- **What is expected**
Restate the entries below exactly, and keep all images out of the answer.

*** Provided entries ***

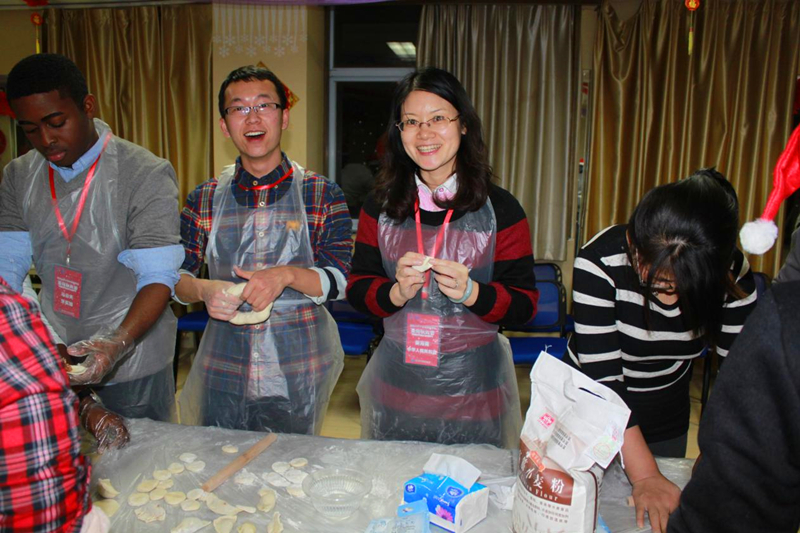为了让留学生们能体会到我们传统中国新年的喜庆氛围,学院特地为留学生准备了一道重头戏——教留学生们包饺子。陈院长现身说法,亲自示范了如何擀面皮、包饺子。学院领导和老师也都全程参与其中,现场气氛一度达到了高潮。姜书记和陈院长为大家煮起了饺子,留学生们都是第一次包饺子,他们包出来的饺子造型独特,形状各异,但这丝毫不影响他们品尝饺子的心情。为了让这15位中港留学生在中国度过一个有意义的圣诞节,我们特地为留学生们准备了刻有他们中文名字的印章。郑院长更是亲自扮演起圣诞老人,给大家送上圣诞节礼物,也带来圣诞节的惊喜和感动。
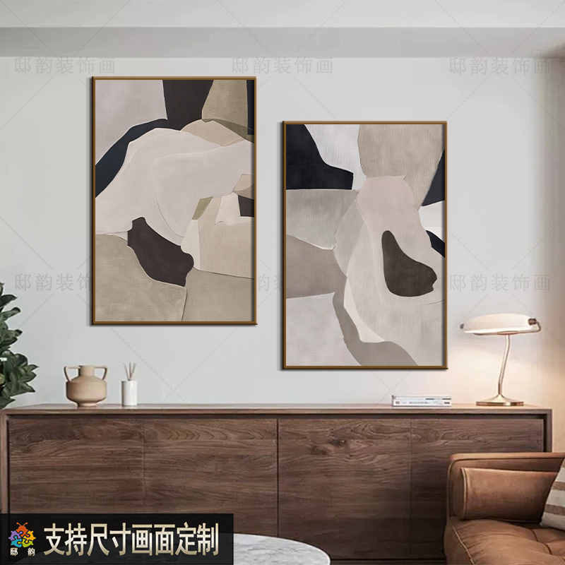 侘寂风客厅沙发背景墙装饰画民宿酒店卧室床头挂画玄关无框画定制
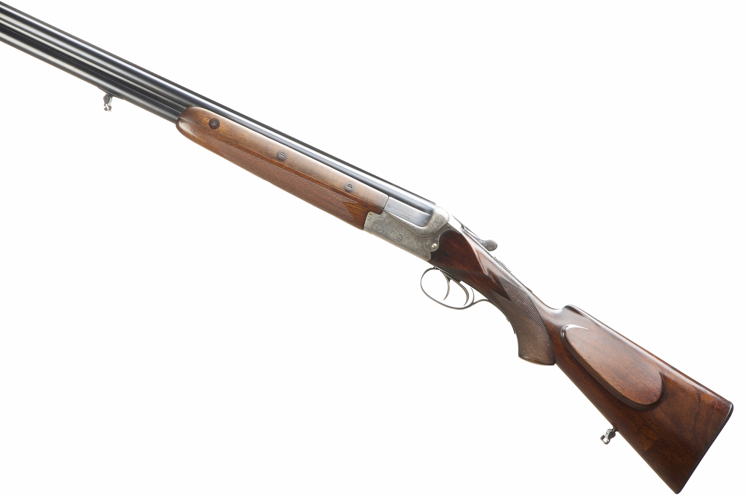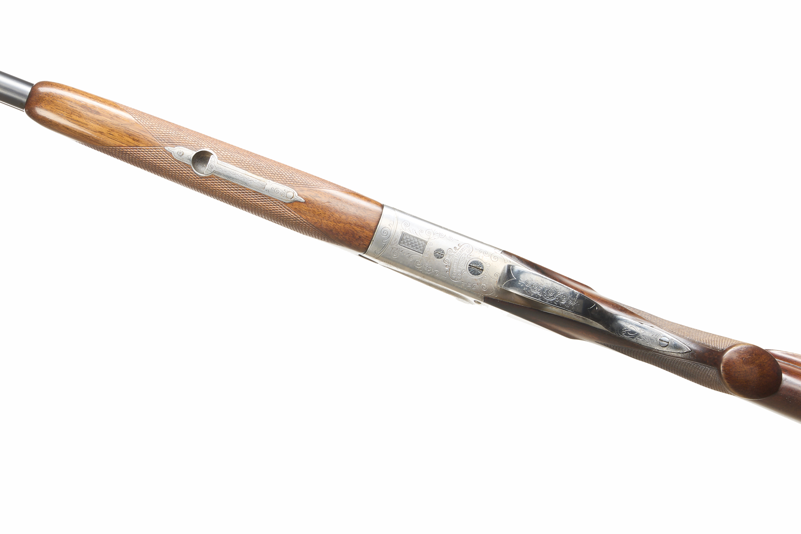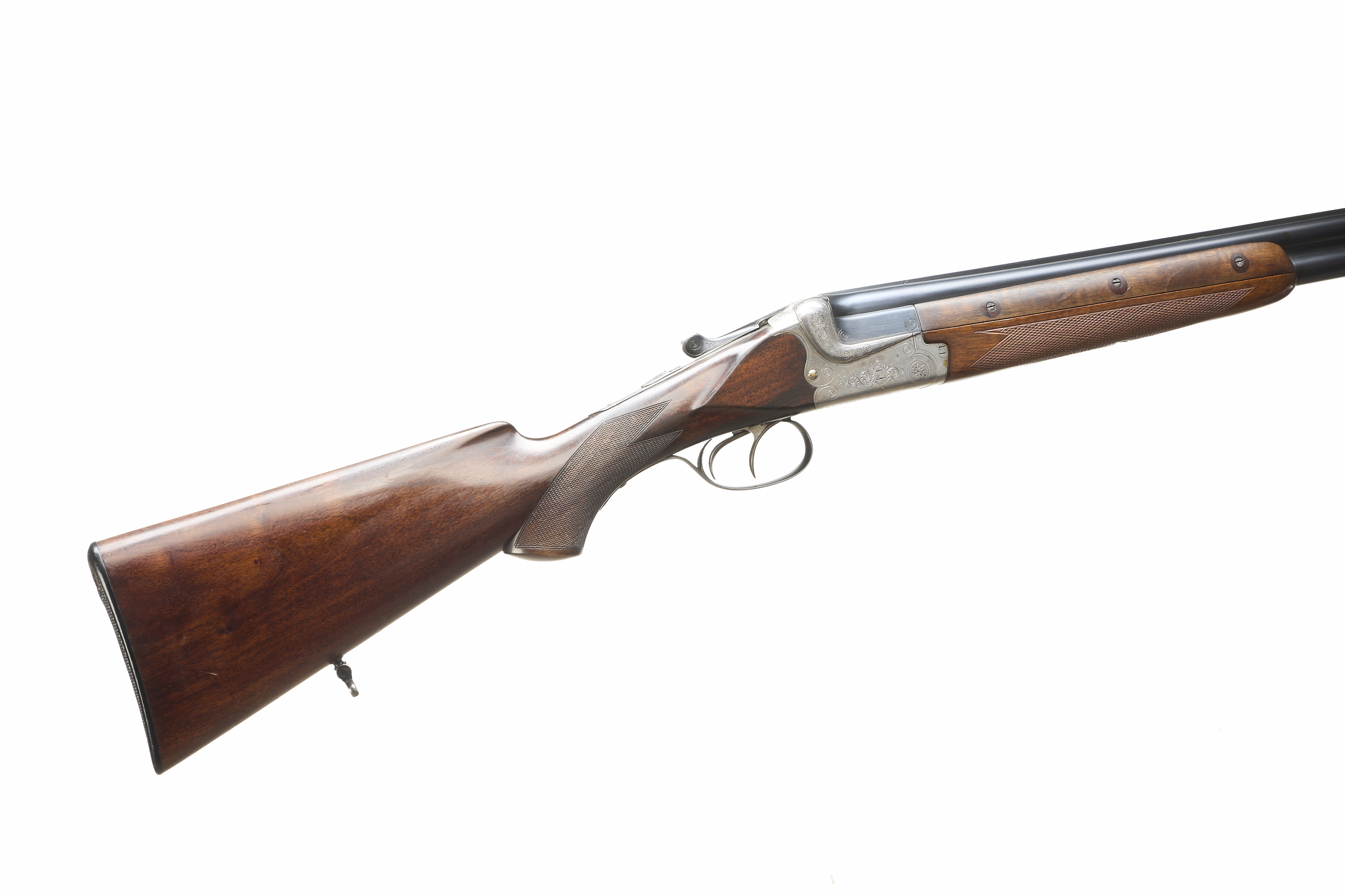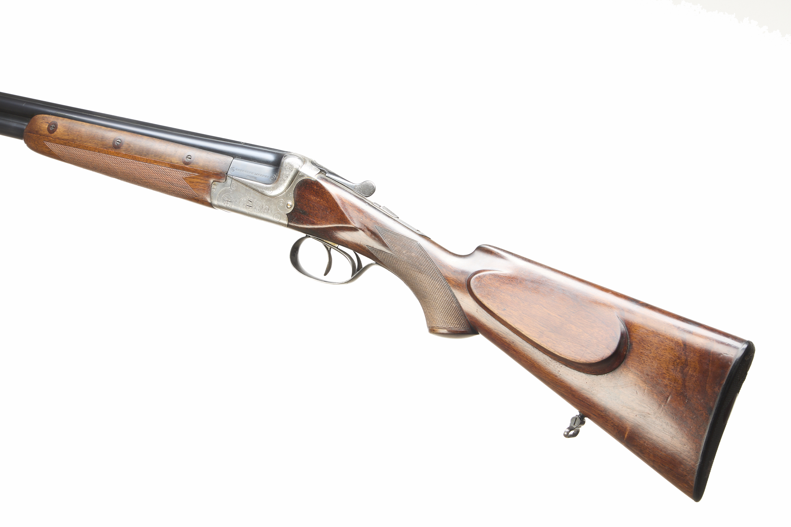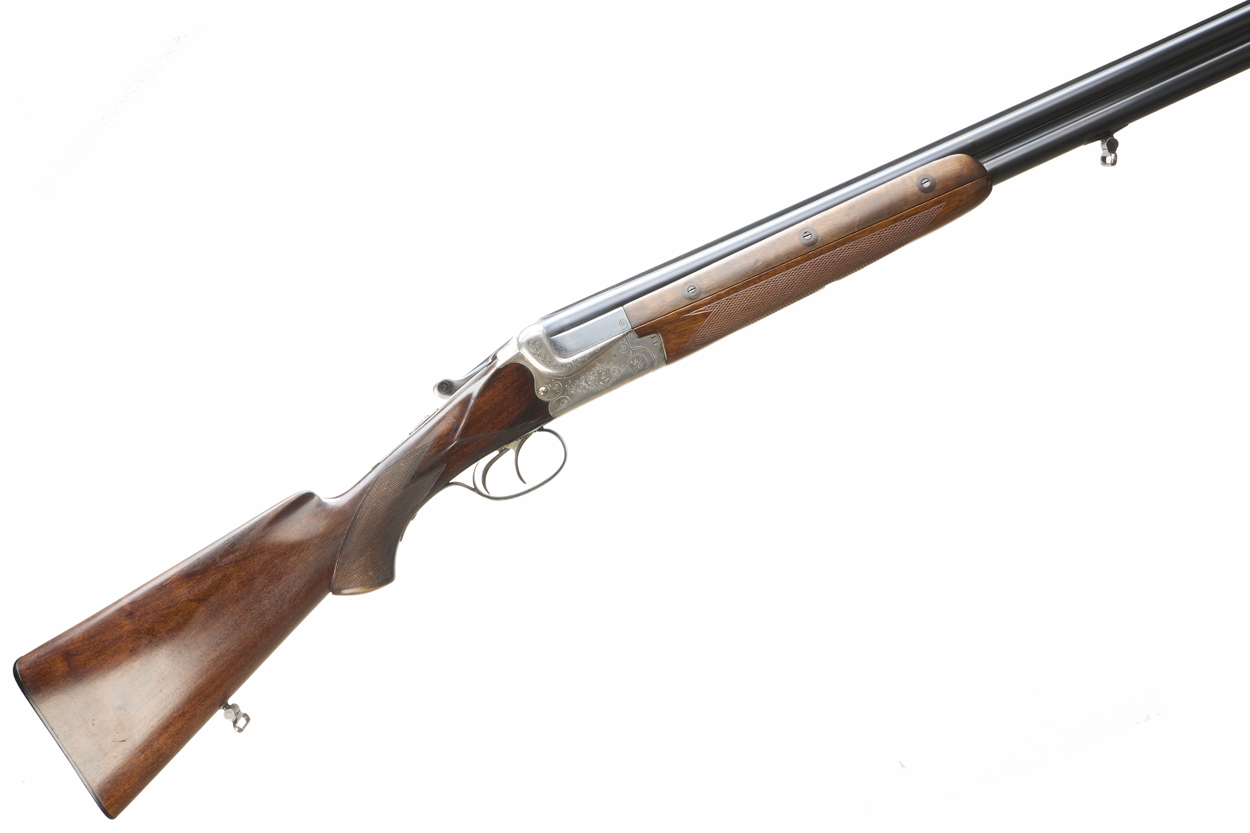 Chequered, hard rubber butt pad, semi-pistol grip and three-piece forend, sling swivel attachments to stock and barrel. Acanthus scrolls to action. Double triggers, cocking indicators, safety, the underside engraved ‘GEBRUDER MERKEL SUHL’. For 1953.
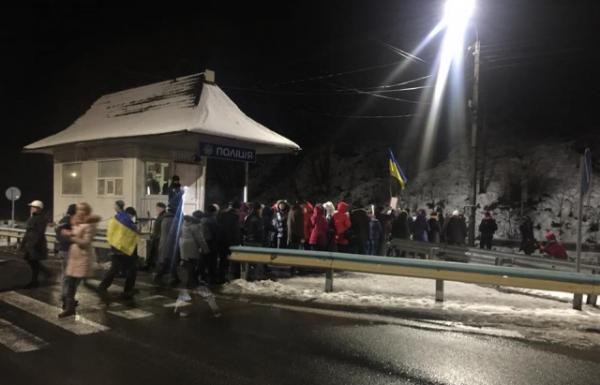 Люди ходять по пішохідному переході в межах посту “Нижні Ворота”. Учасники протесту блокують виключно вантажний транспорт, але пропускають легковий та мікроавтобуси.
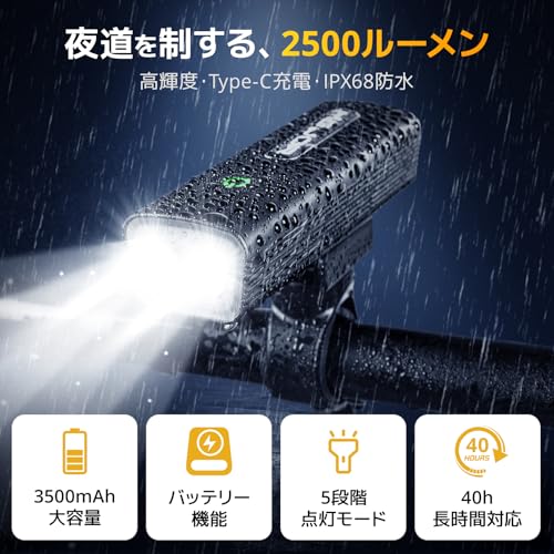 効果的 自転車 ライト 防水 充電式 【2500ルーメン高輝度・モバイルバッテリー機能付】 自転車用ライト 明るい 強力 防水IPX68 防振 自転車ヘッドライト 充電式 小型 5段階点モード LED クロスバイク ロードバイク 自転車らいと防水 ライト 180°大ワイド照明 簡単取付け 懐中電灯兼用 通勤 通学 PSE認証済 (ブラック) 実績 ショップ:Amazon
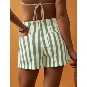 Show more Introducing the ACCPUR Women Striped Linen High Waisted Wide Leg Summer Casual Button Shorts, the ultimate blend of comfort and style this season. Crafted for the modern woman, these shorts are made from high-quality, lightweight, and stretchy twill fabric. With a chic design in a fresh grass green hue, they promise to keep you cool and comfortable during all your summer antics. The high-waisted silhouette paired with a wide leg design ensures not only a flattering fit but also versatility—perfect for transitioning from a casual day out to an active adventurer's lifestyle.
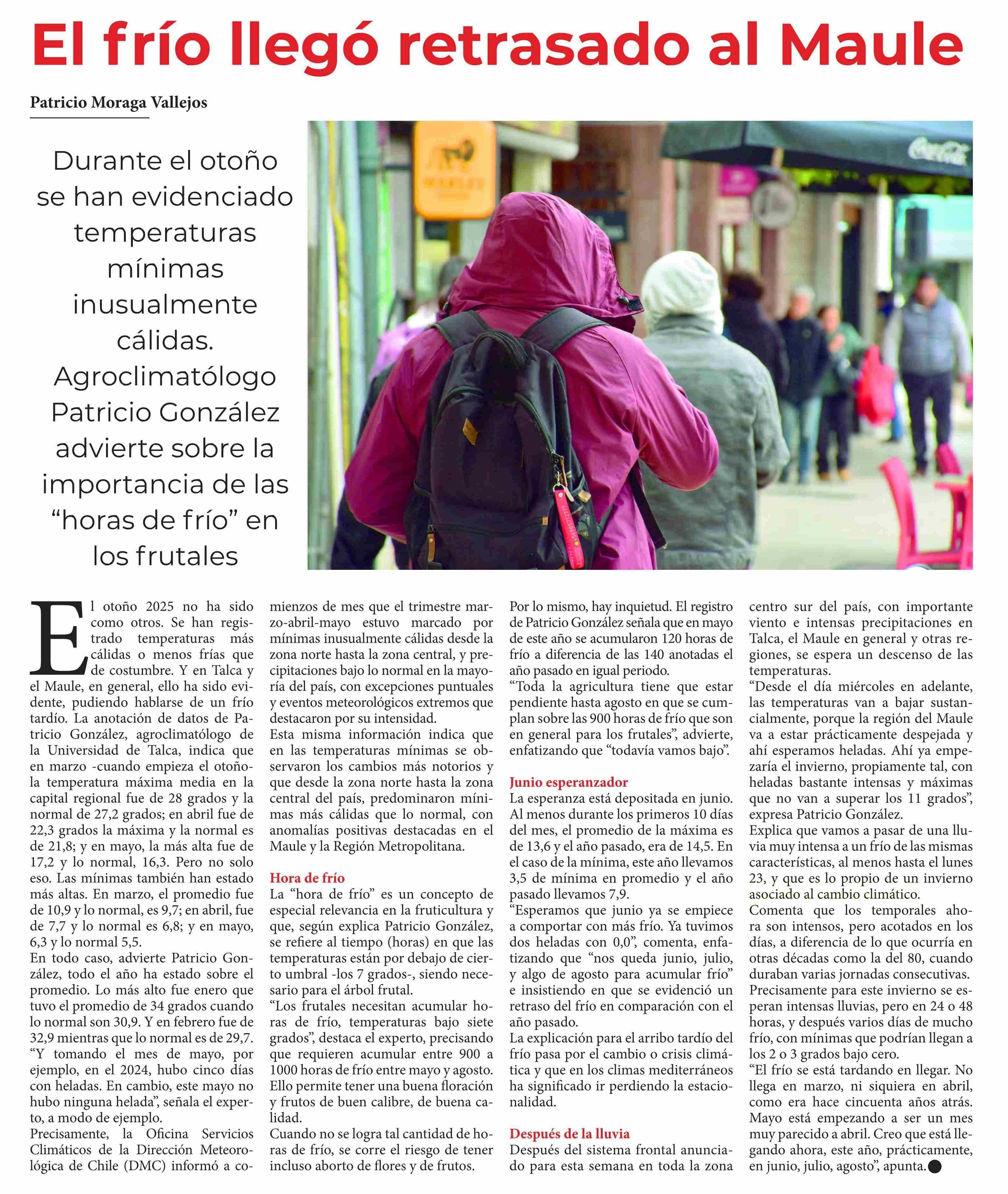 El frío llegó retrasado al Maule 14-06-2025 Diario Talca |

*** End of Provided entries ***

- **Output for this task**
为了让留学生们能体会到我们传统中国新年的喜庆氛围,学院特地为留学生准备了一道重头戏——教留学生们包饺子。陈院长现身说法,亲自示范了如何擀面皮、包饺子。学院领导和老师也都全程参与其中,现场气氛一度达到了高潮。姜书记和陈院长为大家煮起了饺子,留学生们都是第一次包饺子,他们包出来的饺子造型独特,形状各异,但这丝毫不影响他们品尝饺子的心情。为了让这15位中港留学生在中国度过一个有意义的圣诞节,我们特地为留学生们准备了刻有他们中文名字的印章。郑院长更是亲自扮演起圣诞老人,给大家送上圣诞节礼物,也带来圣诞节的惊喜和感动。
 侘寂风客厅沙发背景墙装饰画民宿酒店卧室床头挂画玄关无框画定制
 Chequered, hard rubber butt pad, semi-pistol grip and three-piece forend, sling swivel attachments to stock and barrel. Acanthus scrolls to action. Double triggers, cocking indicators, safety, the underside engraved ‘GEBRUDER MERKEL SUHL’. For 1953.
 Люди ходять по пішохідному переході в межах посту “Нижні Ворота”. Учасники протесту блокують виключно вантажний транспорт, але пропускають легковий та мікроавтобуси.
 効果的 自転車 ライト 防水 充電式 【2500ルーメン高輝度・モバイルバッテリー機能付】 自転車用ライト 明るい 強力 防水IPX68 防振 自転車ヘッドライト 充電式 小型 5段階点モード LED クロスバイク ロードバイク 自転車らいと防水 ライト 180°大ワイド照明 簡単取付け 懐中電灯兼用 通勤 通学 PSE認証済 (ブラック) 実績 ショップ:Amazon
 Show more Introducing the ACCPUR Women Striped Linen High Waisted Wide Leg Summer Casual Button Shorts, the ultimate blend of comfort and style this season. Crafted for the modern woman, these shorts are made from high-quality, lightweight, and stretchy twill fabric. With a chic design in a fresh grass green hue, they promise to keep you cool and comfortable during all your summer antics. The high-waisted silhouette paired with a wide leg design ensures not only a flattering fit but also versatility—perfect for transitioning from a casual day out to an active adventurer's lifestyle.
 El frío llegó retrasado al Maule 14-06-2025 Diario Talca |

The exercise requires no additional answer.